# Quickened's Fabulous Pizza Thread!!!!uno



## Quickened (May 26, 2009)

Hi!

How are you?

Thats great! (well unless it isnt... but this pizza will be!!!)


*Chicken Chorizo Pizza*​
*Ingredients:*
- Boboli pizza crust or the generic two for one knock off i got
- 2 Whole Jalapenos
- 1 Large Green Pepper
- 1/2 large white onion
- 6 boneless chicken breast strips
- 1/2lb chorizo
- Vermont White Cheddar
- Tostidos Nacho Cheese Sauce (just take my word for it!)
- Cholula Hot sauce

How i prepare pizza is different each time so you can do this your way or my way.

I chopped that onion then bagged it for later.
Deseed/Clean Jala's and Green peppers and then lightly fry them.
Take those out of the pan/skillet (i used a skillet)
Fry Chicken on that gunk until done.
Wrap chicken in foil and put in fridge until later
Put the chorizo in same pan/skillet and cook

Now if you are a goof ball like me and the meat isnt thawed.... just put it in anyways but at a low setting (250)

Take chorizo out and put into container
Put the lightly fried greens back on top the chorizo juice/grease and fry it some more because it could have been in there longer the first time

*Assembly *

Basically when my girl finally gets here (at work extra long due to call in) I will take the crusts out of package and season the outer crust with garlic salt and pepper.

The tositos chesse comes next. As thin or as thick as you like but dont go over board... because we want to taste the other toppings. Yeah! Thats the ticket.

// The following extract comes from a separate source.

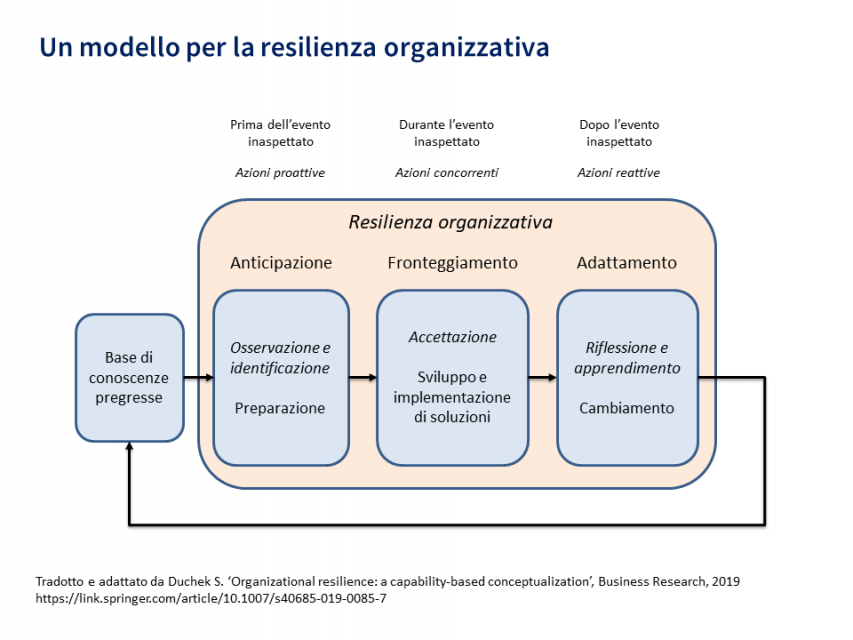 Fra i numerosi modelli che descrivono componenti e fasi della resilienza organizzativa, quello di Duchek (2019) sembra rappresentare molto bene il concetto e il suo processo (fig. 1).
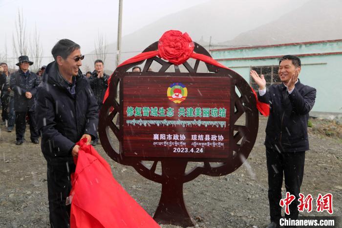 資料圖為襄陽(yáng)、瓊結(jié)兩地政協(xié)在瓊結(jié)縣東嘎社區(qū)東嘎溝為民族團(tuán)結(jié)友誼林揭牌。曲杰 供圖

Next Chop up those chicken slices (or breast because you can deviate from the path here I'm just broke) and put those on

Next put on all those veggies 

Chorizo goes next

Splash cholula all over 

Then generously top with the white cheddar. A white cheese will not only look good in contrast with the other colors we have going here but the taste of this cheese is really going to make the pizza.

Top with fresh cracked black pepper and cook how ever you want. Usually lower then 450 and higher then 15. Then we should be good.



Ok either 375 or 400 Depending on the thickness of crust. For around 15-18 minutes

*The Intake Sequence*

1.Cut pizza
2.Put half on your plate (so you dont have to get back up for another slice later)
3.Grab a tasty beverage
4.Sit
5.grab slice with your dominant hand
6.put slice inside of the orifice on your face (the one with the teeth)
7.chew approx 32 times for safety purposes
8.swallow

then repeat steps 5-8 until maximum completion

enjoy!


----------



## reformed trucker (May 27, 2009)

Cheese for the sauce, and topped with a thick layer of cheese. Yeah, your from Wisconsin. Wait... no cheesy garlic bread on the side? You're slippin', dude!


----------



## PresbyDane (May 27, 2009)

Another great thread that will make me hungry 

I am so hungry,


----------



## Quickened (May 27, 2009)

reformed trucker said:


> Cheese for the sauce, and topped with a thick layer of cheese. Yeah, your from Wisconsin. Wait... no cheesy garlic bread on the side? You're slippin', dude!



Hahah!! I am BUSTED!!!! 
Maybe I should bring that pizza to church tonight? I did make two!


----------